(Data entries)
----------
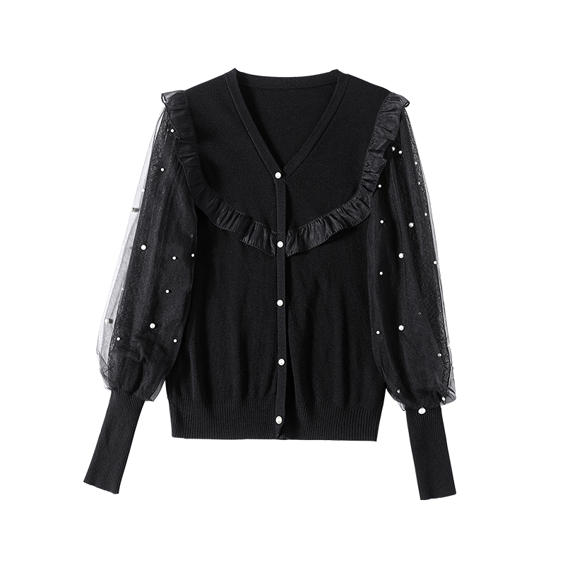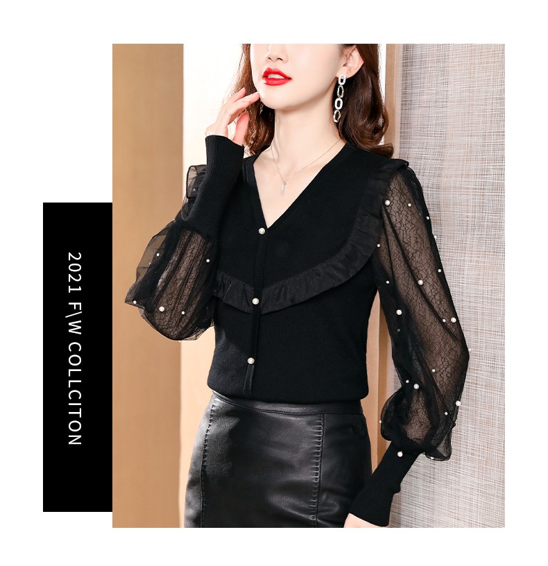 高级感内搭上衣 蕾丝拼接毛衣针织衫 黑色打底衫 女秋冬洋气2025新款
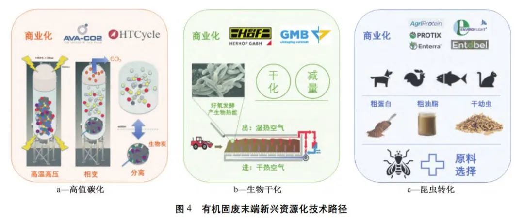 有機固廢沼渣富含大量營養物質,具備資源化潛質。昆蟲轉化技術作為近幾年的新興技術,將有機固廢轉化生產高價值產品,實現全鏈條資源化(圖4c)。例如,黑水虻將有機固廢作為食物,在體內消化并合成高含量的粗蛋白(40%干重)與粗油脂(30%干重),具有較高的商業價值。但就昆蟲轉化而言,物料的選擇是成功的關鍵環節。當污泥沼渣作原料時,黑水虻需要漫長的時間進行生物轉化(40d),遠長于果蔬垃圾為原料的轉化時間(10d)。除Agriprotein公司利用廚余為原料之外,其他公司均以果蔬、谷類、食品加工廢渣作為原料生產動物飼料(表2)。此外,國際昆蟲食品飼料協會(International Platform of Insects for Food and Feed,IPIFF)將餐飲垃圾、畜禽糞便、含魚肉類食品列為昆蟲轉化技術的禁用原料。而加工類廢渣如麩皮、麥糠、酒渣、奶渣、果蔬垃圾的源頭可溯相對“安全”,推薦采用昆蟲技術。目前,全球處理量最大的是法國Ynsect公司采用的黃粉蟲技術,每天處理1000t麥糠及其他輔料,且昆蟲轉化工藝的末端殘渣富含腐殖酸,烘干后可作為有機肥料或土壤改良劑使用。近些年,昆蟲技術在我國迅速發展,主要應用于廚余垃圾三相分離后的有機固渣處理,然而如何實現機械化養殖與運營是昆蟲技術在我國發展的瓶頸(尤其是蟲卵、蟲糞、幼蟲的精準篩分)。另外,鮮蟲或干蟲的消納渠道是決定昆蟲技術是否盈利的關鍵,根據Eawag在印度尼西亞的黑水虻生產測試線調研報告,相比養殖場飼料,將干蟲或鮮蟲作為家庭寵物飼料更為適合,更加利于建立全鏈條資源化產業鏈。
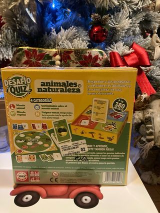 Juego de mesa educativo de preguntas y respuestas sobre animales y naturaleza. - Incluye más de 380 preguntas. - Ideal para aprender sobre el mundo animal y vegetal. - Fomenta la curiosidad y el conocimiento visual. - Para 2-4 jugadores. - Edad recomendada: 7+ años.
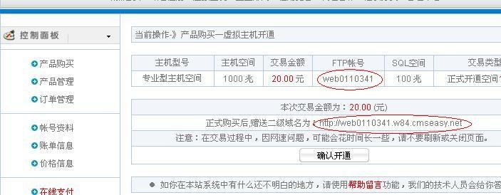 请记住FTP帐号:web0110341,及网站赠送的2级域名:http://web0110341.w84.cmseasy.net,以备后用;
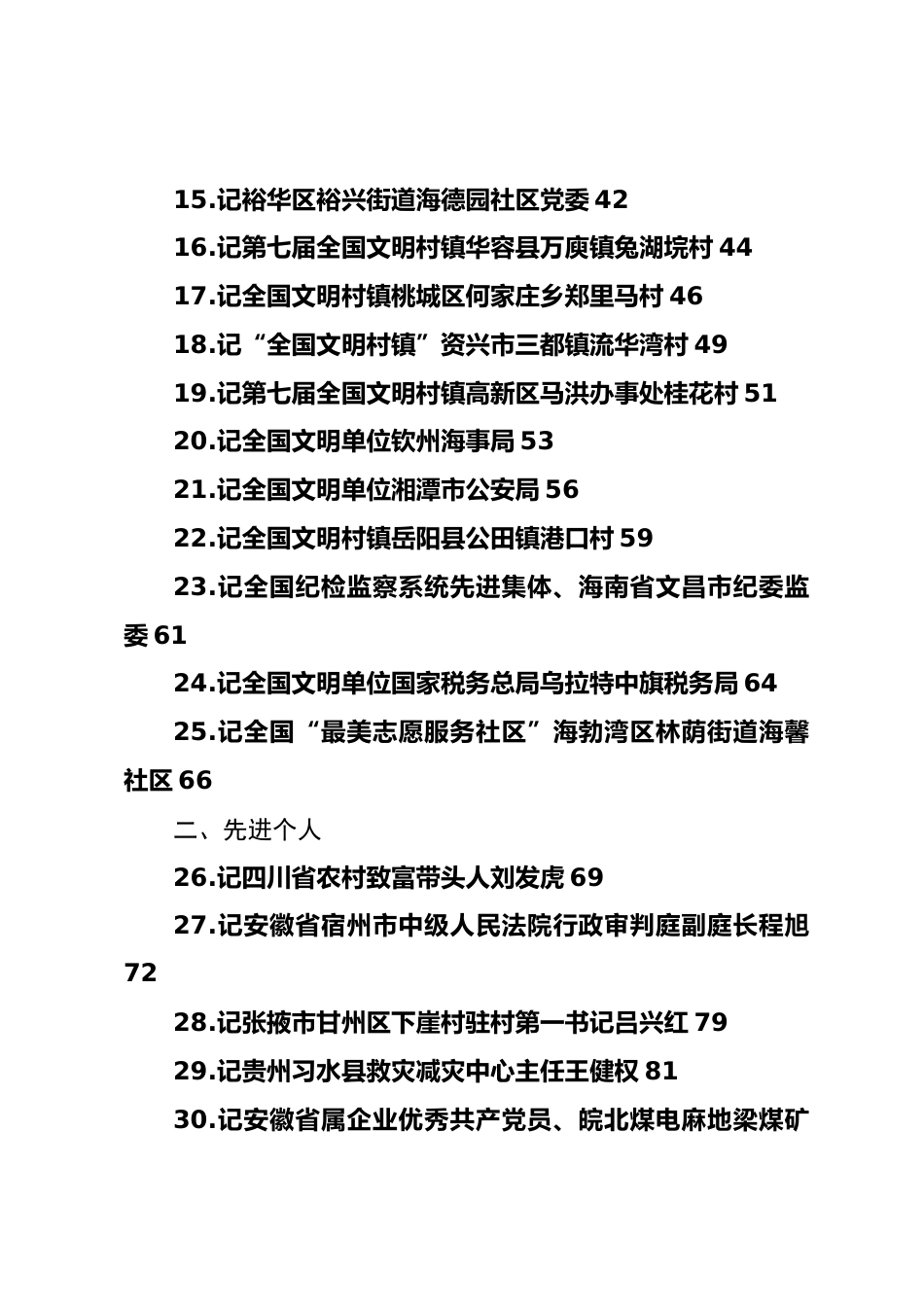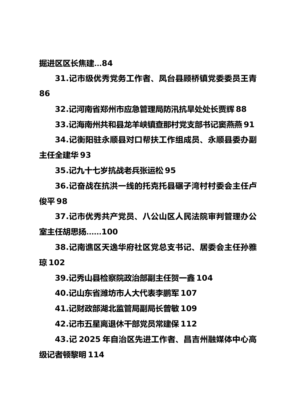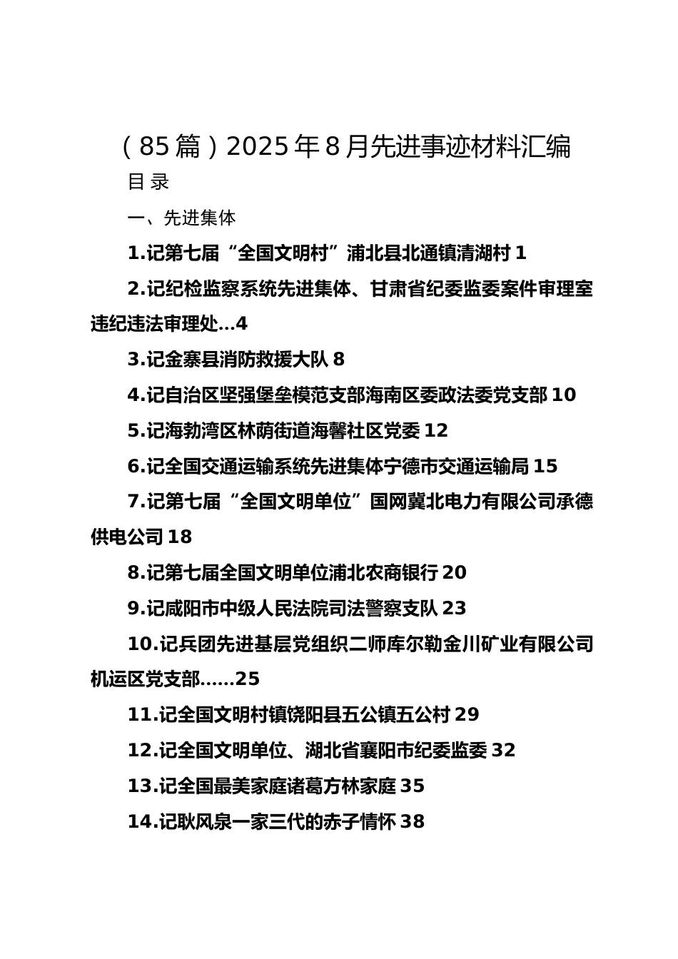 (85篇)2025年8月先進事跡材料匯編目錄一、先進集體1.記第七屆“全國文明村”浦北縣北通鎮(zhèn)清湖村12.記紀(jì)檢監(jiān)察系統(tǒng)先進集體、甘肅省紀(jì)委監(jiān)委案件審理室違紀(jì)違法審理處…43.記金寨縣消防救援大隊84.記自治區(qū)堅強堡壘模范支部海南區(qū)委政法委黨支部105.記海勃灣區(qū)林蔭街道海馨社區(qū)黨委126.記全國交通運輸系統(tǒng)先進集體寧德市交通運輸局157.記第七屆“全國文明單位”國網(wǎng)冀北電力有限公司承德供電公司188.記第七屆全國文明單位浦北農(nóng)商銀行209.記咸陽市中級人民法院司法警察支隊2310.記兵團先進基層黨組織二師庫爾勒金川礦業(yè)有限公司機運區(qū)黨支部……2511.記全國文明村鎮(zhèn)饒陽...
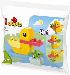 Das Set DUPLO Mein erstes Entchen 4-in-1 ermöglicht es Kindern, verschiedene Modelle zu bauen und immer wieder umzubauen. Es enthält fröhlich bunte Steine, mit denen Kinder Geschichten erfinden können, in denen das Entchen schwimmt, frisst und schläft.
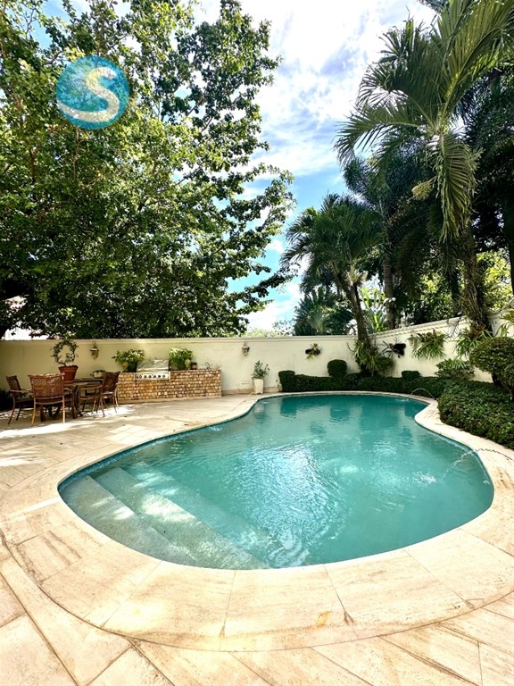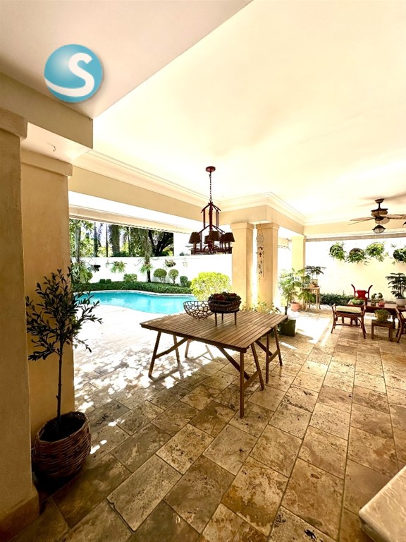Vendo amplia casa de proyecto con excelentes espacios y patio con piscina: Detalles del proyecto: -2 casas -Ubicadas en una calle sin salida con excelente vecinos -Portón electrico -Planta electrica -Cisterna -2 bombas de agua -Jardín Detalles de la casa: -Pisos de Marmol -Madera preciosa Primer nivel -550 m2 de construcción -650 m2 de terreno -Marquesina para 3 parqueos -Entrada -Recibidor -Estudio -Oficina amplia (pudiera ser 5ta habitación) -Sala -Medio baño de visita (con prevision para baño completo) -Comedor separado -Cocina fría -Cocina caliente -Cuarto de servicio + baño con acceso independiente -Area de lavado -Terrazas techada -Patio -Piscina Segundo nivel: -Estar amplio -4 habitaciones + 4 baños -Cada habitacion secundaria con walk-in closet -Habitación principal: 2 walk-in closets Costo de mantenimiento: RD$11,500 gastos comunes RD5,000 gastos residencial Cuesta Hermosa 2
----------
Would you output the lines above from the line holding "Juego de mesa" up to and including the line holding "请记住FTP帐号:web01", exactly and only those, with no pictures?

■ Task output:
 Juego de mesa educativo de preguntas y respuestas sobre animales y naturaleza. - Incluye más de 380 preguntas. - Ideal para aprender sobre el mundo animal y vegetal. - Fomenta la curiosidad y el conocimiento visual. - Para 2-4 jugadores. - Edad recomendada: 7+ años.
 请记住FTP帐号:web0110341,及网站赠送的2级域名:http://web0110341.w84.cmseasy.net,以备后用;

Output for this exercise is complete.